KHANA 09 REVIEWS LEE JEONG LOK

I was first drawn to Lee Jeong Lok's work when I saw his "Tree of Life" piece while searching for night photography. I was intrigued at first  and found his work invigorating and refreshing but the more I viewed his collection of this body of work, part of it looked too similar to the last I had looked and began to explore his website. A previous body of work was also pertaining to the "Tree of Life" but was different trees he edited and each had a different feel than the last unlike his newer set of works where it all appears to be the same negative image of a generic tree with lights.

Looking closer at this body of work, the backgrounds vary and may seem different but there is a collective feeling throughout the pieces. It is interesting to see how changing a couple things, whether it be raising exposure level overall or displacing a couple lights and placing them in a different location in the piece, can alter the piece in its entirety and give a different mood. Some photographs even have a slight feeling that they could even pass as darkroom work.

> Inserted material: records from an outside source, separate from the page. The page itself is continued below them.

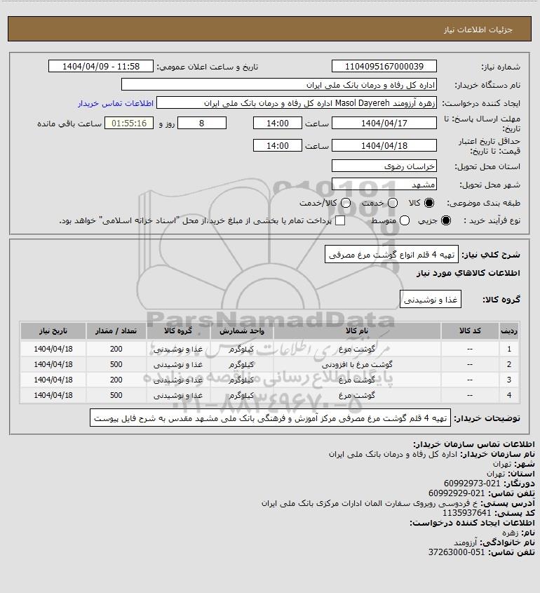 توضیحات خریدار:تهیه 4 قلم گوشت مرغ مصرفی مرکز آموزش و فرهنگی بانک ملی مشهد مقدس به شرح فایل پیوست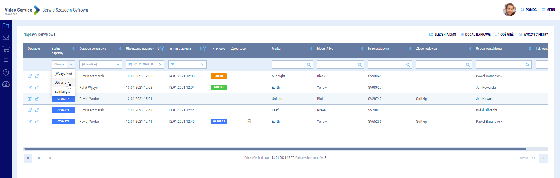 • Otwarta – naprawy w toku (tylko te są domyślnie wyświetlane na liście)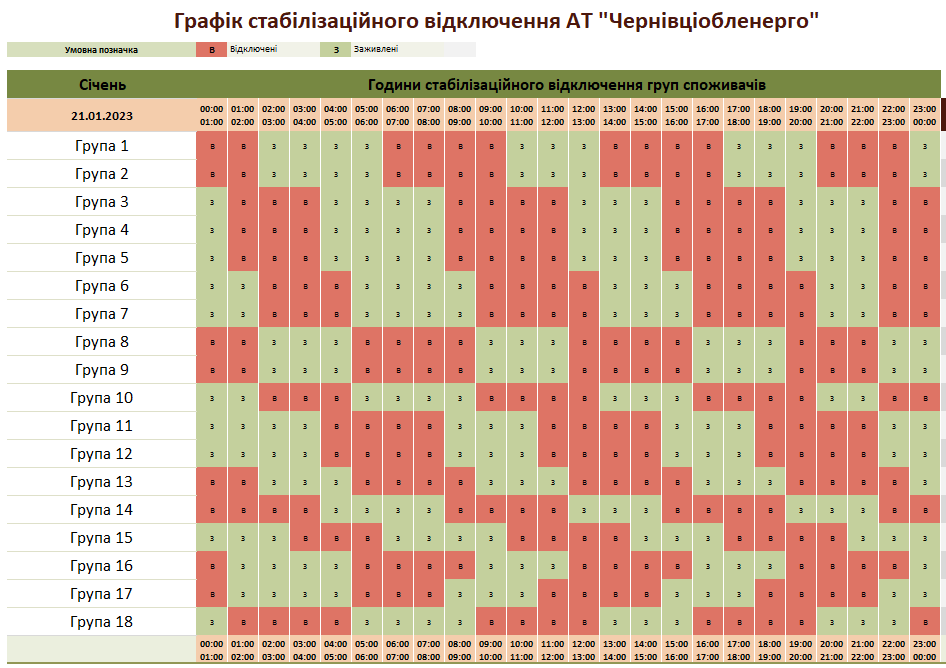 У Чернівецькій області оприлюднили графік стабілізаційних вимкнень електроенергії на сьогодні, 21 січня. Про це повідомляють в АТ «Чернівціобленерго».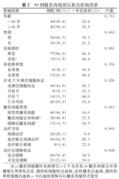 89例患者中发病部位切取后行活组织病理检查及免疫组化测定,髓过氧化物酶(MPO)阳性率为87.5%(77/88);CD43阳性率为88.7%(47/53);CD117阳性率为65.9%(29/43);CD34阳性率为51.5%(17/33);淋巴细胞标志CD7阳性率41.4%(12/29);CD5阳性率40%(4/10);TdT阳性率为30.5%(18/59);CD3阳性率32.6%(28/86);CD79a阳性率为29.5%(13/44);CD20阳性率为15.1%(13/86);CD10阳性率为11.8%(4/34)。55.1%(49/89)髓系肉瘤患者表达淋巴细胞表面标志,有无淋巴细胞表达(P=0.064)及有无T/B淋巴细胞标志表达(P=0.326)预后差异无统计学意义(表2)。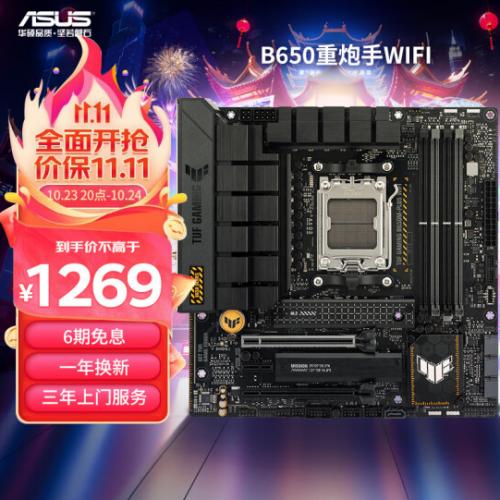 华硕B650重炮手WIFI主板采用12+2供电模组(60A),搭配8+4 Pin ProCool特质实心供电接口和更大、更厚实的VRM散热装甲,R9处理器也能轻松驾驭。提供三档性能调节(PBO增强),一键解锁温度墙,可给予更好的温度和性能表现。主板支持DDR5内存,通过AMD EXPO和AEMP,更好的释放DDR5内存潜力。板载双M.2接口,不仅均配备高效散热盔甲,可大幅降温,其中一个还支持PCIe 5.0,前瞻性支持新一代存储设备。拥有高达20Gbps的USB 3.2 Gen 2x2 Type-C及前置USB Type-C接口,可满足多种拓展需求。音频方面支持双向AI降噪和DTS音效定制,除预设的音乐、电影、游戏音效模式外,还可自定义设置,提供身临其境的震撼音效。网络方面同样板载2.5G有线网卡和WiFi 6无线网卡,可为玩家带来流畅、低延迟的网络体验。主板还搭载了M.2便捷卡扣和Q-LED故障诊断灯,可进一步简化装机流程。支持AURA SYNC神光同步,板载第二代可编程灯效接针,可与相兼容设备实现灯效联动,轻松打造个性氛围空间。该主板到手价1269元,可享6期免息福利。

In another collection on his website is a body of work titled "Aquarium" where it is close up shots of varying fish species in aquariums with at the end of the works is self made "faux" aquariums with lures and in the second has a set of credit cards on hooks set on fishing lines. I enjoyed this body of work more so than the previous I looked at because not all of the photos have the same cleanliness to them. By that I mean that some of the photos have a little more grain than the first and some have the focus on the foreground and others the background which blur out and place parts of the important information out of focus.